Data records

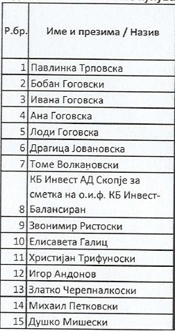Како што објави ТТК Банка, нови сопственици на корпоративните обврзници се Павлинка Трповска, Бобан Гоговски, Ивана Гоговска, Лоди Гоговска, Драгица Јовановска, Томе Волкановски, КБ Инвест АД Скопје Звонимир Ристоски, Елисавета Галиц, Христијан Трифуноски, Игор Андонов, Златко Черепналкоски, Михаил Петковски и Душко Мишески.
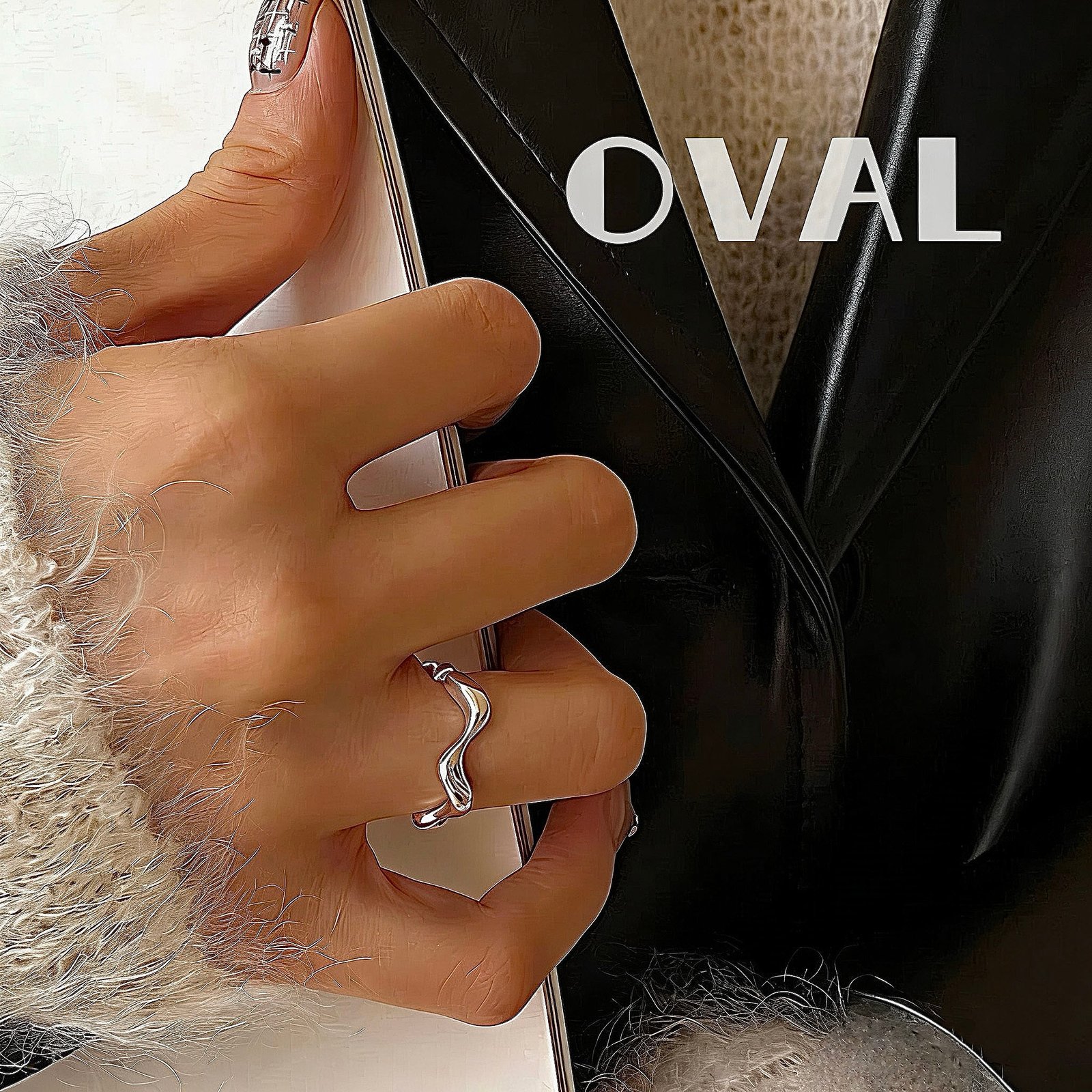 OVAL Liquid Wave Textured Sterling Silver Adjustable Ring | Minimalist Stackable Statement Ring
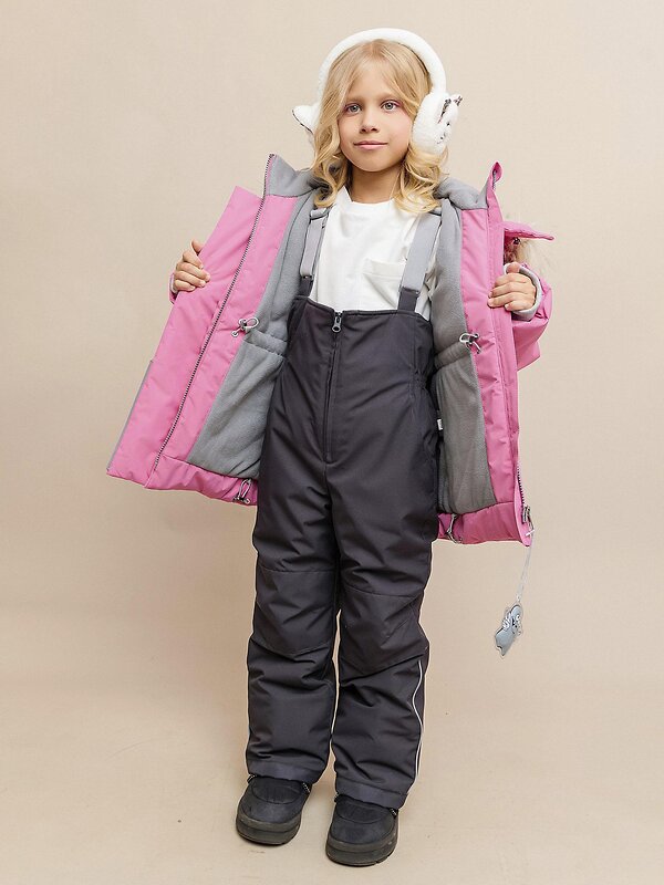 Комплект для девочки "Азалия" в нежном сочетании розового и чугунного оттенков. Такой контраст создает современный образ, сохраняя все преимущества зимнего комплекта.
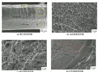 Samples were taken from the fracture of the valve tube, and the fracture was fully cleaned with ultrasonic waves, and then observed with a scanning electron microscope (SEM), as shown in Figure 3. The fracture is divided into areas A, B, and C. The area A is close to the outer wall of the valve tube, and the shear lip feature can be seen. The area B is the fresh fracture surface, and the area C is the welding defect region. After measurement, the width of the fracture is about 2.75mm, and the width of the C area is about 1.08mm, which is about 39% of the total width.
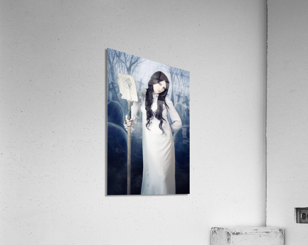 Mysterious woman in long white dress standing in a misty cemetery at the dead of night with shovel in hand digging up graves and resurrecting the dead...[+]
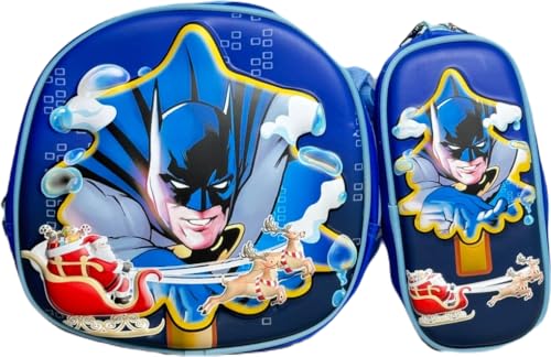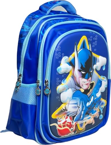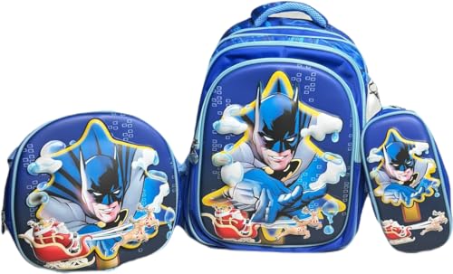 Qshop - مجموعة شنطة ظهر مدرسية 3 قطع بريميوم مقاس 16 بوصة طقم ظهر+ لانش باج + مقلمة للمدرسة والسفر والأنشطة الخارجية Blue-Batman بوليستر أزرق

● THE PROBLEM:
From the line containing "Samples were taken" to the last line of the records, inclusive, output the lines exactly as written and nothing else; leave out the pictures.

● OUTPUT OF THE EXERCISE:
 Samples were taken from the fracture of the valve tube, and the fracture was fully cleaned with ultrasonic waves, and then observed with a scanning electron microscope (SEM), as shown in Figure 3. The fracture is divided into areas A, B, and C. The area A is close to the outer wall of the valve tube, and the shear lip feature can be seen. The area B is the fresh fracture surface, and the area C is the welding defect region. After measurement, the width of the fracture is about 2.75mm, and the width of the C area is about 1.08mm, which is about 39% of the total width.
 Mysterious woman in long white dress standing in a misty cemetery at the dead of night with shovel in hand digging up graves and resurrecting the dead...[+]
 Qshop - مجموعة شنطة ظهر مدرسية 3 قطع بريميوم مقاس 16 بوصة طقم ظهر+ لانش باج + مقلمة للمدرسة والسفر والأنشطة الخارجية Blue-Batman بوليستر أزرق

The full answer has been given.